Meet the mother-of-three whose brain tumour was removed through her eye socket in a UK first
A mother-of-three has become the first person in the UK to have a brain tumour removed through a hole in her eye socket.
Ruvimbo Kaviya, a nurse in Leeds, has had a tumour called a meningioma taken out from the space beneath the brain and behind the eyes.
Traditionally, this type of tumour would have been considered inoperable because of where is it situated in an area called the cavernous sinus.
And those which have been removed required complex surgery which involves taking off a large part of the skull and moving the brain to access the tumour – which in itself can lead to serious complications including seizures.
Now, surgeons from Leeds Teaching Hospitals NHS Trust have managed to remove one of these tumours using keyhole surgery through Ms Kaviya’s eye socket – the first surgery of its kind in the UK.
Experts practised the surgery multiple times before the operation – first using 3D models of Ms Kaviya’s head and then in a cadaver lab.
The surgery, known as an endoscopic trans-orbital approach, took just three hours and Ms Kaviya was up and walking about later the same day.
Surgeons first made a small incision next to her eye, used a tiny camera called an endoscope to gently ‘displace’ the eye to one side.
Ruvimbo Kaviya is the first person in the UK to receive groundbreaking surgery to remove a tumour through her eye socket at Leeds General Infirmary
Ruvimbo’s surgery came after she was diagnosed with meningiomas on the right side of the back of her brain and left side of her eye
Small scar at the corner of Ruvimbo Kaviya’s eye after she received groundbreaking surgery to remove a tumour through her eye socket
This meant they could reach the back of the eye socket, where a small amount of bone was cut away.
The tumour was then removed used a flexible tube to bring it back through the tiny hole and incision.
The only evidence of the surgery is a tiny scar left near Ms Kaviya’s left eye.
Surgeons have since performed similar operations, giving hope to UK patients whose cancers were previously seen as inoperable.
Neurosurgeon Mr Asim Sheikh said: ‘There’s been a move towards minimally invasive techniques over the last few years or so, with the advancement of technology, tools, 3D innovation, it is now possible to do the procedures with less morbidity, and that means the patients recover quicker and better.’
He said traditional methods to get to the place where the tumour was situated requires ‘pressing on quite a lot of brain’.
‘So if you press on it too much, or retract it, or try and move it apart, then it can lead to patients having seizures afterwards,’ Mr Sheikh said.
‘Whereas this way, we’re not even sort of touching the brain.
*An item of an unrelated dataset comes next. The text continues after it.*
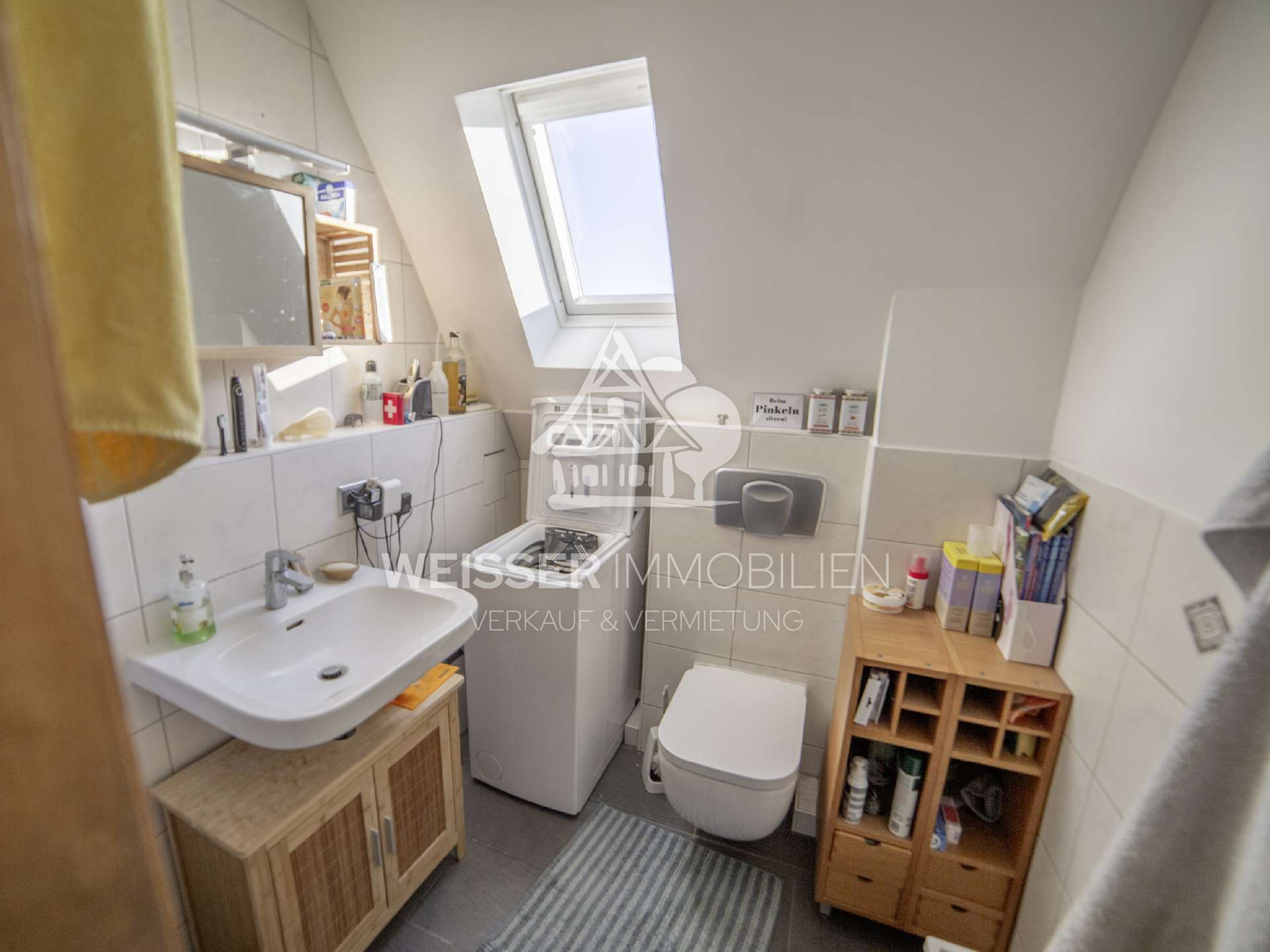 Das geflieste Tageslichtbad verfügt über ein Waschbecken, ein WC, eine Dusche mit neuer Duschwand und einen Waschmaschinenanschluss.

It’s a hard to reach area, and this allows a direct access without any compromise of pressure on the brain.’
An MRI scan used by surgeons to visualise Ruvimbo Kaviya’s tumour
The surgery marks a significant advancement in skull base tumour treatment
The 40-year-old needed three months off work to recover
Ms Kaviya said that she did not even think about being the first UK patient to undergo such a procedure because the tumour was causing such severe headaches.
She was eventually diagnosed with a meningioma in 2023, and the operation was performed in February last year.
The 40-year-old needed three months off work to recover but now she is back at her job providing stroke rehabilitation to patients in Leeds.
‘It was the first time they were doing the procedure,’ she said.
‘I had no option to agree because the pain was just too much – I didn’t even think about it being the first time, all I needed was for it to be removed.’
Ms Kaviya, whose three children are aged eight, 12 and 13, said her family were ‘sceptical’ about the procedure.
‘But I just, I just told them that ‘I just have to do this – it’s either I do it or it, it keeps growing, and maybe I will die’,’ she said.
‘There’s a first time to everything. So you never know, this might be the best chance for me to have it’. And it was.’
Meningiomas are tumours that start in the layers of tissue that cover the brain and spinal cord, and account for around 27 per cent of all brain tumours diagnosed in England.
It is the most common type of benign brain tumour diagnosed in the UK, and are more common in women than in men.
Most meningiomas are not cancerous but can trigger symptoms such as fits, weakness in your arms or legs, loss of eyesight or hearing loss.